Once he had asked for two franks instead of one, by which he meant: two franks on one plate with the beans that came with it. Instead he received two plates, each with a frank and some awful home made potato salad that nearly everyone was afraid to touch. And no beans.
Raymond, who sat at the table with Beck (more on him later) opened his sleepy eyes, and said: Chicken. And can you bring me some salt?
There was never salt on the table, supposedly for health reasons but Beck and Raymond generally stockpiled the little red packets of salt for times when they weren’t given any. In fact they stockpiled ketchup, and hot sauce packets as well.
If you got what you ordered it was a miracle. In fairness to management, they did try handing out slips of paper with the residents name on it, so that the server could write their order, usually one word.
But somehow the slips of paper wound up getting lost and there was more grumbling from the servers as if the papers had magical powers and could appear or disappear at will.
So they liked to call it dining, but Beck (more about him as well) thought it didn’t rise to the level of dining.
Half the residents were either deaf, blind, suffering severe delusions, had memory loss or any combination of those and other illnesses. So you really needed not only waitress skills, and an organized kitchen staff, but training to deal with geriatric patients.
The women had none of these skills. Management’s answer, as usual was to make cosmetic changes. They bought heavy black shirts and silver ties for the servers.
Beck’s table companion was an ex-boxer who slept through most meals and for that matter, most days. He rested the side of his head in his long left hand, his eyes closed, and just about impossible to get a word out of him. Whether he suffered from his time in the ring, or as a sparring partner, or whether Raymond was going through Alzheimers (as more than half of the residents were) Beck didn’t know.
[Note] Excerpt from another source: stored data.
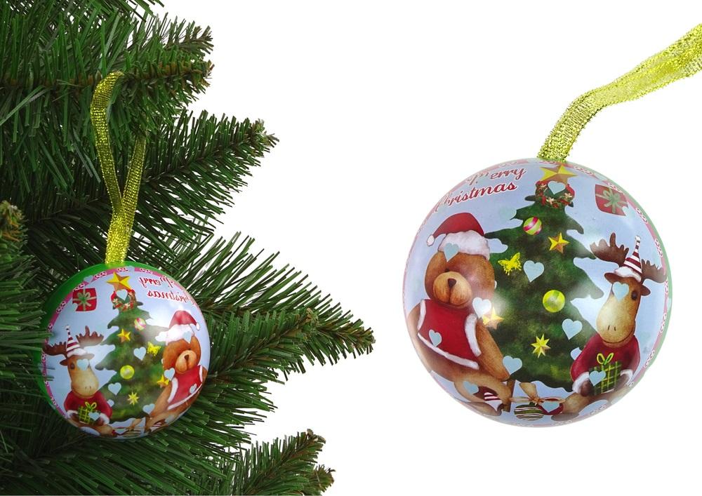 Świąteczna Bombka Metalowa Ozdoba Na Choinkę Misie Renifer Czas Świąt to magiczny czas , gdzie cały dom wygląda obłędnie i przytulnie. Każdy w swoim domu chce stworzyć przytulny kącik do spędzania czasu z rodziną. Każdy element jest wtedy ważny, a najlepiej, aby odnosił się do panujących wtedy świąt Bożego Narodzenia. Przedstawiamy bombkę, która może stanowić także opakowanie dla prezentu znajdującego się w środku. Okrągła ozdoba otwierana jest na dwie połówki, a w środku posiadamy pustą przestrzeń, w której możemy schować słodycze bądź biżuterie. Sznureczek zamontowany w niej daje możliwość także zawieszenia na choince. Bombka przedstawia duże pluszowe misie przy świątecznie ubranej choince. Sprawmy, by ten czas był wyjątkowy w każdym aspekcie! Średnica bombki: około 7 cm Wymiary opakowania: 10 cm x 10 cm x 7 cm Dla dzieci powyżej 3 roku życia. Zabawka z normą EN71 i certyfkatem CE.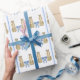 Dress up your gifts mit diesem schicken Packpapier mit spitzen Kästen und blauen Bögen. Ideal für jeden Anlass oder Urlaub.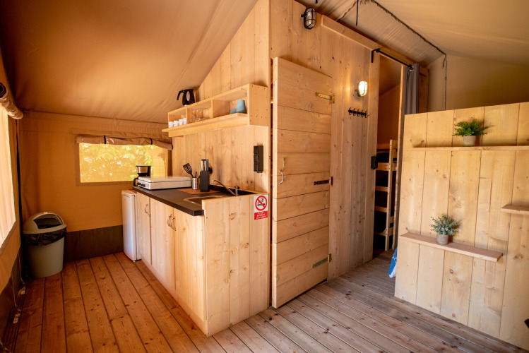 La tienda safari con instalaciones sanitarias es una tienda safari de lujo con capacidad para 4 personas, ¡un alojamiento ideal para unas vacaciones en familia o en grupo! Con una superficie de 25m2. Comed juntos en la gran mesa con sillas, abrid completamente la parte delantera de la tienda y disfrutad de las vistas y del aire fresco. Prepara las comidas en la cocina totalmente equipada y relájate al final del día en uno de los lujosos sillones o en uno de los 2 dormitorios. En un dormitorio encontrarás una gran cama doble, y en el otro una litera. Con 2 metros de largo, las camas son adecuadas tanto para niños como para adultos. Para que tus vacaciones de glamping sean aún más lujosas, la tienda safari está equipada con un cuarto de baño completo con ducha, inodoro y lavabo.

Raymond was a gentle giant. He was about 6 and a half feet tall with long arms, and if you believed him won all his pro fights by knock-out. He wasn’t much for conversation unless you happened to hit on some incident in his life from his childhood. He acknowledged your presence by wiggling his fingers at you and flashing a wide smile.
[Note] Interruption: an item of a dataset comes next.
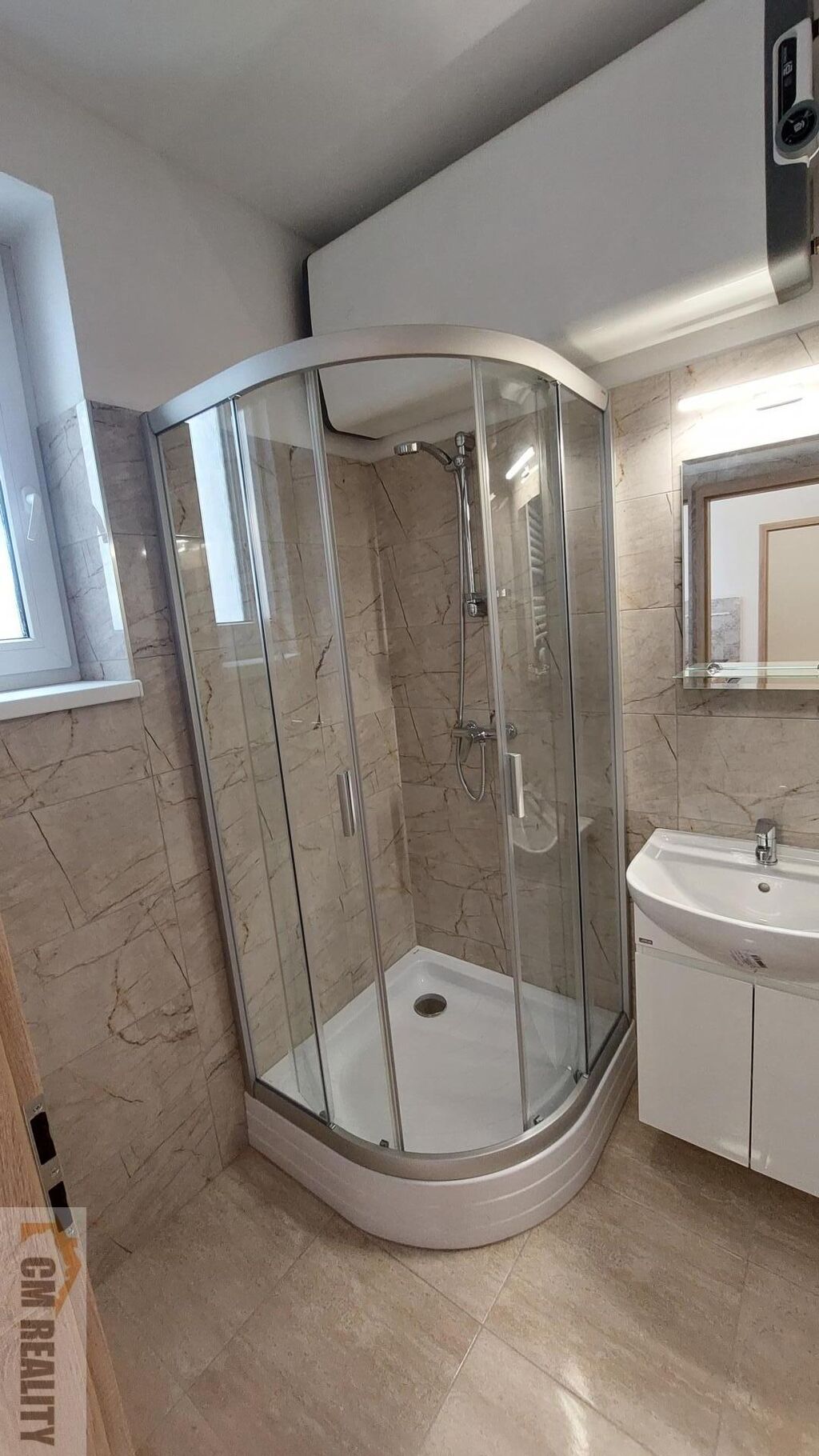 K vybavení bytu náleží moderní kuchyňská linka s vestavěnou troubou a varnou deskou. V Koupelně je sprchový kout. Topení je zajištěno vlastním elektrokotlem a ohřev vody pomocí elektrického ohřívače vody. V bytě jsou v pokojích plovoucí podlahy a dlažba v koupelně a na WC. Parkování je v okolí před domem. Výhled z bytu je jak do dvora tak i do ulice. V místě je veškerá občanská vybavenost. Nákupní centrum je vzdálené 150 metrů, školka je přímo přes ulici. Byt se pronajímá nezařízený.

Then his head found it’s way back into his hand and he was in a semi conscious sleep land. Straddling two worlds at once.
The dishes were announced with complaints by Vera about how hot it was, and that as soon as the manager left, she was taking off the new uniform he was forcing the servers to wear. Stupid black uniforms, with wide silver ties, and it was true the manager left at 4pm on the dot, and the black shirts were removed. Around that point the temperature plummeted and if it had been comfortable it got colder.
If it was already cold, it got even colder and the people slowly began a chorus of coughs and nose blowing. Beck pulled up his sweatshirt hood.
Spike, at the adjoining table to the left of Beck zipped up his North Face jacket.
And as if it had never happened before, Raymond looked towards the door that led to the dining room which was always open, and said: Somebody opened the door.
Raymond lived in a perpetual Ground Hogs Day movie. But instead of each day repeating, each meal ran again without a change. For Beck, who had a filmmaker’s background, each meal was like a short, a one reeler. The same one-reeler.
Breakfast was like lunch, and lunch was like supper.
Beck explained for the umpteenth time to Raymond, who was beginning to remind him of Lenny from Mice and Men. One day he might get angry and lay someone out. Then go back to sleep.
Even the menu was repetitive. For some reason, there were always Swedish Meatballs. Why? Don’t ask.